Only around 1 in 100 women would be in the highest risk category (above 30%).
The researchers then looked at how accurately the tool could predict risk if there was missing data. For example, if there was no mammography or genetic data available. So, if you only had questionnaire-based risk factor information and no data on family history, nearly all women would be classed as low population-level risk (around 11.5% lifetime risk) with only 3% of women categorised as moderate risk (17 to 29% lifetime risk).
If you do have mammography and genetic data available then the tool becomes more precise. With this information it is estimated 84% of women would be classed as low risk, 15% moderate risk and 1% high risk.
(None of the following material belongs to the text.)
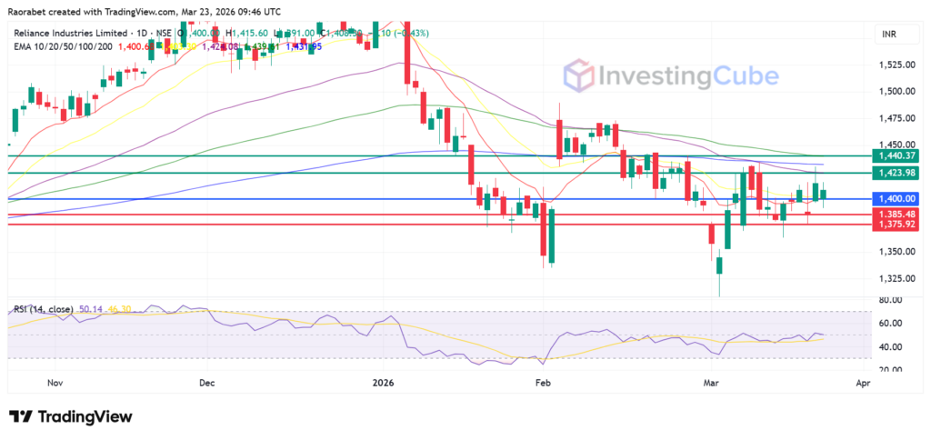 Reliance stock RSI is at 50, indicating a cautiously positive trend. The stock is pivoting at ₹1,400, and action above this psychological round figure level will favour the buyers to stay in control. It has short-term support around ₹1,385. A drop below this level might lead to a test of ₹1,375. On the upside, initial resistance is at the 50-day EMA at ₹1,400, with the potential for the stock to challenge ₹1,440 if it breaks through.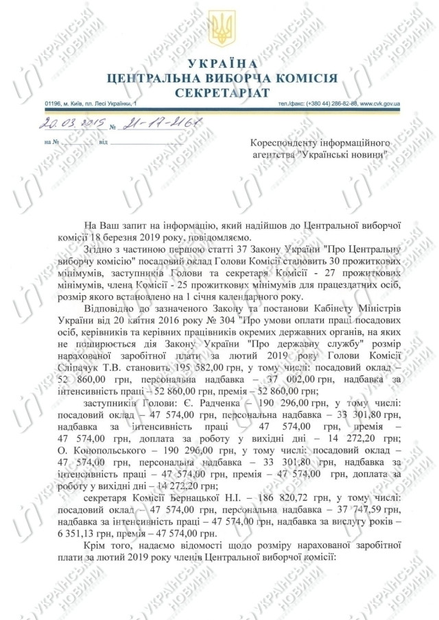 Зарплата членів Центральної виборчої комісії (ЦВК), які займаються організацією проведення виборів президента 31 березня, за лютий склала від 176,2 тис. грн до 213,6 тис. грн, що вище в середньому в 7 разів, ніж оклад самого Президента України.

The researchers concluded: "This comprehensive model should enable high levels of [breast cancer] risk stratification in the general population and women with family history, and facilitate individualized, informed decision-making on prevention therapies and screening.”
This is a valuable study which shows how putting different genetic and risk factor data into a prediction equation could help us understand how likely a woman is to develop breast cancer.
However, the equation only provides a detailed risk estimate if there is a complete set of data, including genetic and mammography data.
If there is only limited data available, such as a woman's responses to questions about risk factors like body mass index and alcohol intake, the tool becomes much less reliable.
This leads to a number of practical issues.
Many women are not going to have genetic or mammography data available. Also, as the researchers themselves say, inputting all of this individual risk factor information into the model would take time (and money). It is not something that could be done during a single GP appointment.
Even with practical issues aside and all data available, the model is based on assumptions of the extent to which particular factors increase risk (such as combination of a certain number of SNPs). Risk could also be influenced by other genetic or medical factors that aren't in the model. So at best the model can still only estimate risk.
You'd also need to consider who this model would be used for – for example whether you would invite all women to be assessed and at what age. Then there is the potential harm that could arise from telling women their risk of breast cancer – when this is only a possibility. Even among the women in the moderate and high-risk groups, many would still never develop breast cancer in their lifetime.
Overall it is far too early to suggest a new predictive test for breast cancer is on the horizon.